At its core, this is the same “Halo” that started it all. The levels are the same, the plot is the same, and the weapons and vehicles are the same. But other aspects of the game—namely the graphics, music and multiplayer experience—have been updated to match the rest of the series.

343 Industries, the company Microsoft employs to continue the “Halo” series, has gone through “Halo” and upgraded to high-definition graphics. Every character, structure, map and weapon is now hi-def. While playing the game, I actually forgot the first game was released before the advent of HD gaming. While I’d never say that HD is worth spending extra money on hi-def TVs or Blu-rays, playing games in HD adds little details that make game-play a more immersing experience.

Furthermore, if you ever want to play the original game without the updated graphics, that’s also possible. With the push of one button, I was back playing the 2001 version of the game. It was one of my first, and remains among my favorite, first-person shooters.
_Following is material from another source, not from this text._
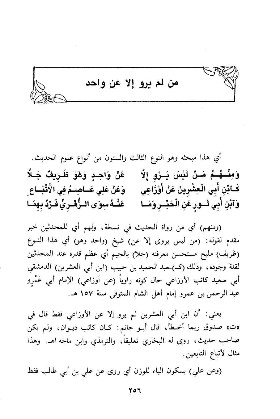 (ومنهم) أي من رواة الحديث في نسخة، ولهم أي للمحدثين خبر مقدم لقوله: (من ليس يروى إلا عن) شيخ (واحد وهو) أي هذا النوع (ظريف) مليح مستحسن معرفته (جَلاَّ) بالجيم أي عظم قدره عند المحدثين لقلة وجوده، وذلك (كـ) ـعبد الحميد بن حبيب (ابن أبي العشرين) الدمشقي أبي سعيد كاتب الأوزاعي حال كونه راوياً (عن أوزاعي) الإمام أبي عمرو عبد الرحمن بن عمرو إمام أهل الشام المتوفى سنة 157 هـ.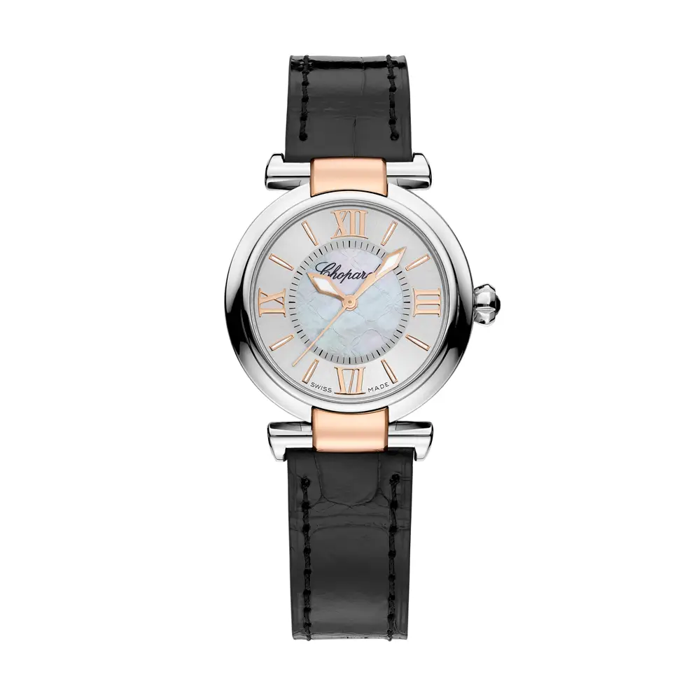 Bộ sưu tập Imperiale củaChopard thể hiện sự tinh tế, nữ tính và vẻ đẹp vượt thời gian, lấy cảm hứng từ sự hùng vĩ của các đế chế cổ đại. Chiếc đồng hồ này được thiết kế dành cho những phụ nữ có gu thẩm mỹ tinh tế, đánh giá cao sự kết hợp giữa thẩm mỹ tinh xảo và kỹ thuật chế tác đồng hồ chính xác.

One of the nicer things about the updated graphics, whether or not you’re playing on an HDTV, is that 343 took the chance to make a few of the maps easier to follow. Several of the maps in the original game were very hard to follow due to dark lighting and the chaotic nature of game-play, especially on higher difficulty levels. With updated graphics, the tough spots have better lighting and the difficulty becomes more about seeing enemies instead of running off the map.

One of the other biggest changes involves the music. While music never makes or breaks a game in my opinion, it was nice that they re-mastered it for the anniversary release. The music sounds clearer and without a doubt enhances the feel of each level. The soundtrack still consists of Martin “Marty” O’Donnell and Michael Salvatori’s compositions, but with touch-ups and the help of Skywalker Sound. These small modifications are slight but still make the soundtrack a shade better. Additionally, there is an option in the main menu that allows the player to switch between the original and remastered music.
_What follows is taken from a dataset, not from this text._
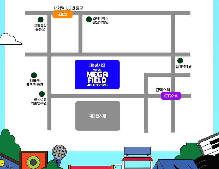 메가필드뮤직페스티벌이 열리는 킨텍스는 교통 접근성이 좋은 편입니다. 하지만 공연 당일에는 많은 인파가 몰릴 수 있으니 미리 교통편을 확인하는 것이 좋습니다.

Last but not least is the multiplayer aspect. When “Halo” first came out it featured local multiplayer. While a game of “Halo” with a few friends is fun, it doesn’t hold up to a game of “Slayer,” Capture the Flag or Griffball with full teams. “Halo 2” was one of the first games to utilize Xbox Live for multiplayer gaming and the world hasn’t looked back since. The anniverasry edition of “Halo” features re-mastered versions of Halo’s original levels but with online play using the multiplayer engine from “Halo: Reach,” the last “Halo” release. Not only is it nice that they continued to use the “Reach” engine and the multiplayer core Bungie (the original “Halo” developers) created, but it is great that “Halo” was brought to the same level as prior games in the series rather than staying a step below the rest of the series. The anniversary “Halo” features a handful of levels from the original game’s multiplayer setting, redone in HD with online multiplayer. Another nice feature is the ability to download the new maps in order to use them with “Halo.”

In the last few years, I finished the fight with “Halo 3” and I watched the human race go on defense in the prequel “Halo: Reach.” With the re-release of the game that started it all, I’m certainly still interested to see what 343 Industries comes up with next year when they release “Halo 4.”